I felt them less hen a week ago, but I just got back from a trip and haven't had time to out her in the stand and really try to feel them yet. She doesn't like me touching her belly much Lately.


----------



## scubacoz (Nov 7, 2013)

Boy you are right they don't like to be touched there. My Dixie is also past due she was due on the 30th. Sounds like we have the same problem. 


Sent from my iPad using Goat Forum
V.


----------



## Darlaj (Dec 10, 2013)

Same here Sadira was due the first... We can feel the baby in the chute but her ligs are like rocks ! Udder changing slightly .... No other signs.... Grrrrroats!


----------



## OakHollowRanch (Jun 6, 2013)

Grrrrroats describes them perfectly! I'm glad I am not alone with the late kiddings. We are having a small thunder storm right now, so maybe that will get things moving along. I couldn't feel any kids yesterday, but her tummy looks bigger.


----------



## scubacoz (Nov 7, 2013)

Mine hasn't delivered yet either. Darn goatees!


Sent from my iPad using Goat Forum
V.


----------



## Darlaj (Dec 10, 2013)

Wait... Wait... Wait..... We gots a little goo! She may just actually have a baby! .... Not streaming though ... Soooooooooooooo. Oh who the heck knows.... It will be sometime this year


----------



## OakHollowRanch (Jun 6, 2013)

That's a good sign! Heidi seemed to be stretching more today, but no discharge yet!


----------



## scubacoz (Nov 7, 2013)

Good luck everybody. Hope we have some kids in the morning! Mine is eating again! Nothing else...not even goo and she had some of that last week! Grrrrrrr


Sent from my iPad using Goat Forum
V.


----------



## Darlaj (Dec 10, 2013)

Nope no kids this am


----------



## scubacoz (Nov 7, 2013)

None here either!


Sent from my iPad using Goat Forum
V.


----------



## scubacoz (Nov 7, 2013)

Well I can say its a big MAYBE for today!















Sent from my iPad using Goat Forum
V.


----------



## toth boer goats (Jul 20, 2008)

Happy Kidding


----------



## scubacoz (Nov 7, 2013)

She delivered at 12:30 PM 
1 doe
1 buck 
The girl us the one with white on her head

Sent from my iPad using Goat Forum
V.


----------



## ksalvagno (Oct 6, 2009)

Very cute!


----------



## toth boer goats (Jul 20, 2008)

I knew babies were on the way, so cute. 
congrats.


----------



## scubacoz (Nov 7, 2013)

The little boy seems weaker than the girl. Is there anything I need to do? He is standing up though. 


Sent from my iPad using Goat Forum
V.


----------



## shirley (Apr 11, 2014)

Sweet babies  congratulations! Try giving him some molasses water thats what ive heard.


----------



## scubacoz (Nov 7, 2013)

To the baby? 


Sent from my iPad using Goat Forum
V.


----------



## OakHollowRanch (Jun 6, 2013)

Congrats in the healthy kids! Some nutri-drench might help perk up the weak one.
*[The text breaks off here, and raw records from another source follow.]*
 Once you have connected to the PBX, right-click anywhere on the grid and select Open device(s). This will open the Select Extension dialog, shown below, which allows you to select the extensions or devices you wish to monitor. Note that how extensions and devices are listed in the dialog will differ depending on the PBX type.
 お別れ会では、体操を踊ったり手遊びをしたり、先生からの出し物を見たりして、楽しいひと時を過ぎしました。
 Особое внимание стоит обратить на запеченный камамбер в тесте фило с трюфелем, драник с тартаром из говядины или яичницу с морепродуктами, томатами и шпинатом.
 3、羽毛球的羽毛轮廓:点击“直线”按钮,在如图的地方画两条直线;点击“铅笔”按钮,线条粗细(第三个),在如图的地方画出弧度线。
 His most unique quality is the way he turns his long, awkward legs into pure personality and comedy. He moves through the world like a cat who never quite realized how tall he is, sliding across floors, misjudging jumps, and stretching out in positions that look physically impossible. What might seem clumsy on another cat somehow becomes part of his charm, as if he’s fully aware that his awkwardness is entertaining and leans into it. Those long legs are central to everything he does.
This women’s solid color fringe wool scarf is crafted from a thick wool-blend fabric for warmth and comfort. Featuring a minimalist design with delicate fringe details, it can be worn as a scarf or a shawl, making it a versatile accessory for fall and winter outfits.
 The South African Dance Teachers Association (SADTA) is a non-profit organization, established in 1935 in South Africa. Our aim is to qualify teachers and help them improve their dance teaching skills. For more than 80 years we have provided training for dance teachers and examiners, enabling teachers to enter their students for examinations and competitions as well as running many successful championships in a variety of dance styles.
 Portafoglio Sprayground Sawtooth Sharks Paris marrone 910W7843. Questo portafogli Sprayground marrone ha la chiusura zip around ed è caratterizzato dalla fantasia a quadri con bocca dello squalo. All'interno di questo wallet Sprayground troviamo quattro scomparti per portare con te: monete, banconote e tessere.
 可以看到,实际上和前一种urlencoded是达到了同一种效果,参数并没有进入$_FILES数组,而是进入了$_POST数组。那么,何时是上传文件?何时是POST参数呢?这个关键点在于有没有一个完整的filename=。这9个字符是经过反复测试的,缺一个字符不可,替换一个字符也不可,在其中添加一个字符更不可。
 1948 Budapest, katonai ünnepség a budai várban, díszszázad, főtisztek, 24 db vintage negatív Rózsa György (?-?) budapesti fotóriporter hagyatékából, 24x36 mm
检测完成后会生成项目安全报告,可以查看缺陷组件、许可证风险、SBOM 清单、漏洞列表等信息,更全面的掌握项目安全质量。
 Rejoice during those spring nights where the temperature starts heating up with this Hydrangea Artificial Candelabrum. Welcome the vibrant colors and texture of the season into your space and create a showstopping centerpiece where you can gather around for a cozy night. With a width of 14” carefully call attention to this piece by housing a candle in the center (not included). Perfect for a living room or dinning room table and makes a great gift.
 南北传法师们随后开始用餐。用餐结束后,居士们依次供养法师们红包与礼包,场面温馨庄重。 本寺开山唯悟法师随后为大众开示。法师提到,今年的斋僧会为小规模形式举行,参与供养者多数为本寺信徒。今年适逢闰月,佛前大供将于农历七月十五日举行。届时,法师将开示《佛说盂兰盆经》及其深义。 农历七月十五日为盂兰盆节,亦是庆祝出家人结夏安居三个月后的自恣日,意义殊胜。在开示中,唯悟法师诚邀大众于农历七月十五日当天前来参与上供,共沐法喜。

STILL no signs from Heidi! I am going to induce Friday evening if there aren't any kids by them.


----------



## scubacoz (Nov 7, 2013)

I gave the Nutridrench but it didn't help, even milked mom and tried to bottle feed, baby only took a few sips any suggestions on tube feeding?


Sent from my iPad using Goat Forum
V.


----------



## ksalvagno (Oct 6, 2009)

B Complex and BoSe. Also get a temp.


----------



## OakHollowRanch (Jun 6, 2013)

I have never tube fed, so I'm no help there. I would say continue bottle feeding and offering it often. Maybe starting a thread under emergencies will get you more help. I hope she pulls through for you!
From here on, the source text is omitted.